Source material.
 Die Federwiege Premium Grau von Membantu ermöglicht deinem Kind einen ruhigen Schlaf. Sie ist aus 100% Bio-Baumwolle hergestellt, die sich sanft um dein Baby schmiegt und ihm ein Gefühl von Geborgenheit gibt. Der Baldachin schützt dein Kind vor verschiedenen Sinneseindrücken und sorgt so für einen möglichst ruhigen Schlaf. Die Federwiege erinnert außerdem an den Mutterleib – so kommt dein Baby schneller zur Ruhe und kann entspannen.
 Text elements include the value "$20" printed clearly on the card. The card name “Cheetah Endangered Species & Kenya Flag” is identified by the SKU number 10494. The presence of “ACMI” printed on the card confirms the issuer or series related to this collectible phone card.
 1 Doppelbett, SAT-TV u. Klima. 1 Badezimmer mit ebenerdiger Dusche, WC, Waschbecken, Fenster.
==
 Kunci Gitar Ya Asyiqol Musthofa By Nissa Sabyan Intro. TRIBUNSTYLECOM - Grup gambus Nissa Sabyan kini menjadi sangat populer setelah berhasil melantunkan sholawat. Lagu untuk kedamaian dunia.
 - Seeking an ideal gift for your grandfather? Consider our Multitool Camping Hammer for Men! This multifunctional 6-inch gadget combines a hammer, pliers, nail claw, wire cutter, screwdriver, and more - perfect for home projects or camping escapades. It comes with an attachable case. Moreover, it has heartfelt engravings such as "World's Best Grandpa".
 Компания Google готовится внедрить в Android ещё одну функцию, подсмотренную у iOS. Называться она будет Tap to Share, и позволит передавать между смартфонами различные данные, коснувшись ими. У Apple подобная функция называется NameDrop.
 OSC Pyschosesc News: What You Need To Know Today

About this exercise. From the data above, output exactly the lines between the one containing "Die Federwiege Premium" and the one containing "1 Doppelbett, SAT-TV", counting both of them.

Solution.
 Die Federwiege Premium Grau von Membantu ermöglicht deinem Kind einen ruhigen Schlaf. Sie ist aus 100% Bio-Baumwolle hergestellt, die sich sanft um dein Baby schmiegt und ihm ein Gefühl von Geborgenheit gibt. Der Baldachin schützt dein Kind vor verschiedenen Sinneseindrücken und sorgt so für einen möglichst ruhigen Schlaf. Die Federwiege erinnert außerdem an den Mutterleib – so kommt dein Baby schneller zur Ruhe und kann entspannen.
 Text elements include the value "$20" printed clearly on the card. The card name “Cheetah Endangered Species & Kenya Flag” is identified by the SKU number 10494. The presence of “ACMI” printed on the card confirms the issuer or series related to this collectible phone card.
 1 Doppelbett, SAT-TV u. Klima. 1 Badezimmer mit ebenerdiger Dusche, WC, Waschbecken, Fenster.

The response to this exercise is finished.